I'm inclined to believe that the Old West was incredibly civil, in places.
Anyway, one particular subset of bad internet behavior is (mostly guys) dissing on (mostly female) celebrities. Recently, over at Ace's, he posted a picture of Sarah Jessica Parker. The usual crowd ripped on Mrs. Matthew Broderick--though, actually, on the scale of internet disses not that severely.
This sort of thing used to shock me. I've always found locker room talk amazingly vulgar, to say nothing of the callousness evident in people's attacks on celebrities. I've known a few celebs--grown up around a few, even and, as a general rule, they're people. (I'm not ruling out that some aren't, just none of the ones I've met.) They don't look much like their on-screen personae, and they're never like you'd imagine.
As a result, I tend to think, in this case, the reaction of various female bloggers is off. Not necessarily in reference to their own reactions--cause, duh, those are what they are--but to various other issues, like the internet being a public social area. I mean, it is that, but it is that like a port-a-potty is that, or a strip club is that, or a Star Trek convention is, if you like.
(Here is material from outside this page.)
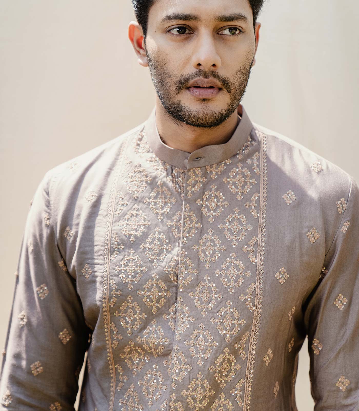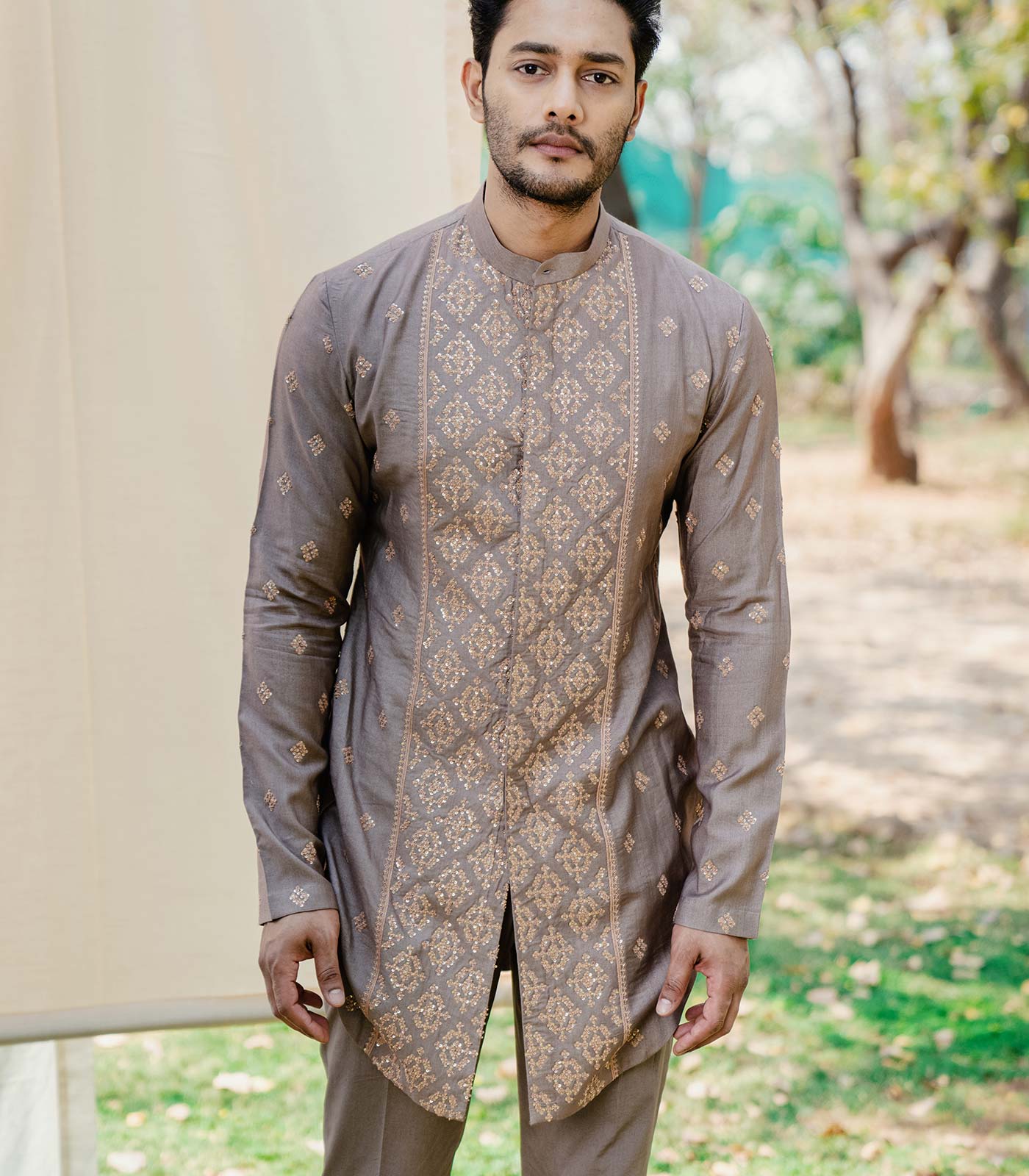 Sandstone tusshar silk full open front conceal placket mid-thigh length kurta with apple cut hem and aari embroidery sandstone tusshar silk trouser

Internet destinations are ultimately self-selecting. The nastiest comments I've seen of this nature are on Fark. There's considerable self-knowledge amongst most (I hope) of said commenters: The "pointy knees" meme, for example, which suggests that it's perfectly rational for an ugly toad to reject a gorgeous woman on the basis of some trivial, probably imagined, flaw--this may have been posted seriously once but became forever after ironic. In any event, you don't deliberately go (and you can't be forced to stay) some place you don't like.
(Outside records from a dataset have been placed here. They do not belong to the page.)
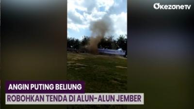 Angin Puting Beliung Robohkan Tenda di Alun-Alun Jember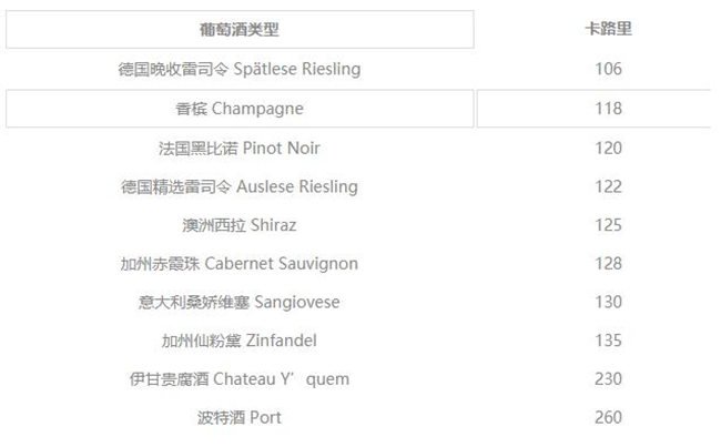 幾種常見類型的葡萄酒所含熱量之對比(150ML)
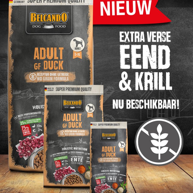 Belcando Adult graanvrij Duck, volledig voer voor volwassen honden met een normale tot verhoogde activiteit en gevoeligheid voor graan.

Ever few years, I visit Fark or (more frequently) Slashdot or various other sites, but ultimately I tire of the tone, and stop going for months or years at a time. I think the real issue here is that the women involved do (to some degree) like the sites in question. They expect better from them (for some definition of "better"). Ace has admonished against accusing any women of internalizing, but sort of amusingly, that's exactly how it read. Or if not internalizing, then generalizing.
Of course, there is a mixture of braggadocio, glibness, sour grapes and poor humor in a lot of these comments, as well as more than a bit of internet-empowered jerkiness. In fact, one defense offered by an Ace commenter is that these women hold themselves out as sex symbols and therefore can be judged that way with impunity.
In fact, looking at it, it's really no different from the schadenfreude that many women seem to enjoy in following celebrity news. It's just a different target.
'course, I have no intention of linking myself at any of these other blogs.